How can people honestly think that if she faked SOME trances she might not have faked all of them - and by some miracle the trances about the stuff they like were the real ones?

I think this is just what the religious call "faith". You have to believe just because you have to believe. Because to lose faith means that there is no hope. I'm not trying to be contrary here, seriously asking if this is faith?
 
I think this is just what the religious call "faith". You have to believe just because you have to believe. Because to lose faith means that there is no hope. I'm not trying to be contrary here, seriously asking if this is faith?

Maybe so. It's OK, I don't see you as being contrary.

I looked up the definition of faith, out of curiosity:

faith / feɪθ / Show Spelled [ feyth ] Show IPA –noun 1. confidence or trust in a person or thing: faith in another's ability. 2. belief that is not based on proof

So you are right. Belief that is not based on proof.

But can't faith still be lost? I mean, you might have faith in your husband or wife, trusting them to be loyal. Initially you take this on faith, believing without proof - but then when you discover evidence proving you wrong, you stop trusting them to be loyal - you lose faith in this aspect of their character, I guess you could say.

So, isn't it right to lose faith in someone like Browne when she proves herself and her philosophy untrustworthy?
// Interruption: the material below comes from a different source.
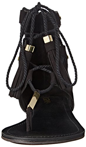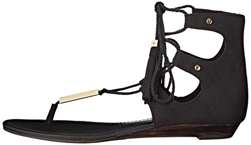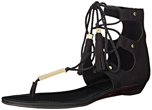 Thong sandal featuring closed heel cup and lace-up closure with tasseled ends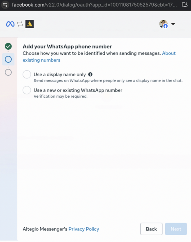 Если выбрать display-only number, Meta назначит случайный номер США (+1). Он используется только для отображения и тестирования.

I just don't see it as losing all hope. Good grief, there are thousands of religions and belief systems out there, you know? If one is intent on finding a place to put their faith, they could do so much better than this.
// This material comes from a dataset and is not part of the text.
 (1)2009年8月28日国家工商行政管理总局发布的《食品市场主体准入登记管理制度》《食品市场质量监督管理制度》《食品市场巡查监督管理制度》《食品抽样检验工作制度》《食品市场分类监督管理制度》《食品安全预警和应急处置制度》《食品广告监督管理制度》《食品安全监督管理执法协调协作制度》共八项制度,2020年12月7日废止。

If your spouse cheats repeatedly and you have evidence of it and no evidence that they have changed, is it still called faith to believe they won't do it again? Or is that something else?
 
Okay, he's a fraud but at least he brought faith to people

What the people saying that don't understand is that the "faith" Poppof gave some people included the faith to stop taking their medicine and stop seeing their doctor. That's a kind of faith that can kill.
 
What the people saying that don't understand is that the "faith" Poppof gave some people included the faith to stop taking their medicine and stop seeing their doctor. That's a kind of faith that can kill.
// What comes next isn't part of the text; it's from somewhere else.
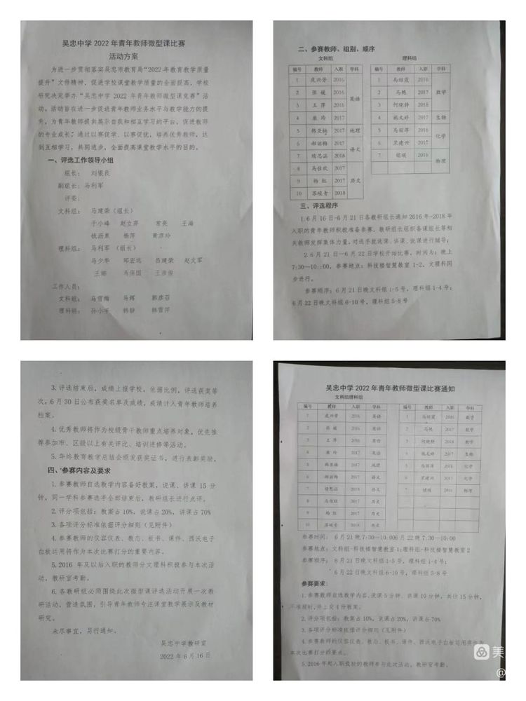 参加本次微课比赛的青年教师有数学组马绍霞、马艳、何晓静老师,生物组施文婷老师,化学组黑建兴、马丽萍老师,物理组锁瑛老师。

But you're forgetting - He may take you of your meds but he brings you faith in god. So god would save the person before he dies (prove that he wouldn't...)

Not to mention that even if a person died, he died with faith and thefore is eligible to get into heaven.

The mind of these naive fools is beyond human comprehention.
Well, at least beyond my comprehention.
 
That's not true.

Geller performed several tricks: moving a compass, bending spoons, drawing images that another man drew, guessing what's inside envelopes etc.

Bending spoons was his most infamous tricks, but he has perfromed many others.
e

Not "many," no.

As far as I know, he is, at most, a four or five trick pony

  1. Bending spoons/keys
  2. Restarting "stopped" watches.
  3. Moving compass needles
  4. Replicating "sealed" drawings
  5. Identifying full film cannisters

I guess "making spectacularly wrong predictions" could be added to the list, but it's not really part of his "stage show."

So, while not a "one-trick pony", he still has a pitifully small repertoire that he has milked for decades.
 
e

Not "many," no.

As far as I know, he is, at most, a four or five trick pony
<snipped>

Okay, those were the ones I could recall.
Somehow I thought there were more.

I guess you're right - "many" was probably not the right word to use.